After he knocked him down, Savu the shoe-maker noticed that the Turk’s footwear was broken, and his toes stiffened by frost. Suddenly it is revealed to him that his enemy was just a very tired, sick and poor man. Torn with remorse he buried the Turk in the Orthodox cemetery, in his own place from his family’s grave. Since this moment he could not live any more a normal life; he confessed himself to a hermit who reprimanded him severely: "Your crime is Cain’s crime. You killed your brother; you killed a human being" and gave him as a punishment to leave his house and wealth and to work without receiving any money in exchange. This confession and penance of the sinner is similar to the one found in the Romanian fairy-tales; it is an amalgam of traditional folk-justice and Christian mercy. For the guilt of killing a Turk without being in a right battle, the monk’s judgement is firm: "For the life you have extinguished, I take as a pledge, your life... Go on foot, wandering throughout the world, on all the paths, through all the dangers and in any kind of weather; until you will break down one thousand pairs of footwear and then God will forgive you! But your life, however long it may be, would not be enough for such an ordeal. Then, here is what the Holy Spirit commands: you have to fabricate with your own hands a thousand pairs of footwear—of all kind and for all ages—to scour the world and to give them as alms to all the poor people and to all the desperate ones. And when you will expiate these one thousand pairs given as alms, God will have mercy and will forgive you."
In his wandering, Savu, the Orthodox Christian, became a very good friend with Ibraim the Turk to whom he told his whole story; the Turk read to him from the Koran and the Romanian read from the Bible to the Moslem. The two people then became friends, with a Jew. The commentary of the author (an Orthodox priest) is put in the mouth of Marcu, the Jew: "He is alone, up there and we are all, his children... and we make so much noise, fight each other, we oppress and hate each other... some of us are Jewish, others—Christians and others Moslems, but we are all the sons of the same heavenly father. How did we separate each other and go in all directions ?... But, whatever each person’s belief is, it is right to show that we are brothers and we hope to meet each other again in the same heavenly and paternal house" (21, pp. 92-93; 120).
When he finished the last pairs of slippers, the shoemaker died and was buried in the Turkish cemetery, in the grave belonging to Ibraim the Turk. This interpretation of the destinies, the exchanges of life and death between people who, according to social and religious institutionalized rules should be separated, if not even in conflict, restores ecumenism in its own right; it re-reveals its genuine source which is the unique and ultimate light.
Another source for the promotion of ecumenism, actually, the source of putting this concept back into circulation for the modern world is the action of the Churches. They link ecumenism to the schism, considering it as a return to the primary Church. This ecumenism is related only to the restoration of the Christian ecclesia.
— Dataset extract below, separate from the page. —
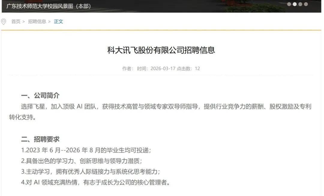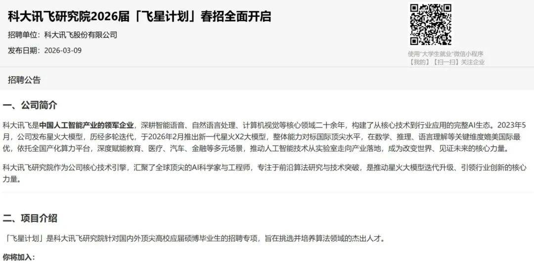 2026年3月初,科大讯飞高调启动了研究院「飞星计划」和「飞凡计划」的春季补录。招聘简章中明确写道,面向2026届顶尖技术类硕博毕业生,招聘AI研究算法工程师(涵盖语音大模型、认知大模型、多模态大模型等前沿方向),并承诺“行业顶尖薪资待遇”、“优先进入青年科学家及技术管理后备池”。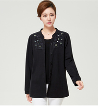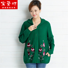 胖妈妈装春秋外套40-50岁中老年女装针织衫毛衣开衫中年妇女上衣

In this respect, the most important obstacle is, after an expression of Kitagawa, the missionary imperialism. This kind of imperialism contains two aspects: the first is visible and refers to the fact that (almost) every religion tries to dominate the spirit of another nation by heroic wars, crusades, aggressive missionary activities. This aspect could be called an active religious imperialism. The second aspect, less visible, could be called a passive religious imperialism; this refers to the subjectivity of every religion, that interprets in its own way both the socio-cultural and the divine reality. Every religion holds strongly to its conception, implicitly attacking the other religions’ postulates. Kitakawa remarks that:
... even the most tolerant religious conception is usually anchored in the specific perspective of that religion and in the way it defines the nature of the reality, world and of the man’s destiny (4, p. 278).
The same observation was made a long time before by Ramakrishna, using a picturesque image:
People worship God according to their tastes and temperaments. The mother cooks the same fish differently for her children, that each one may have what suits his stomach (1, p. 189)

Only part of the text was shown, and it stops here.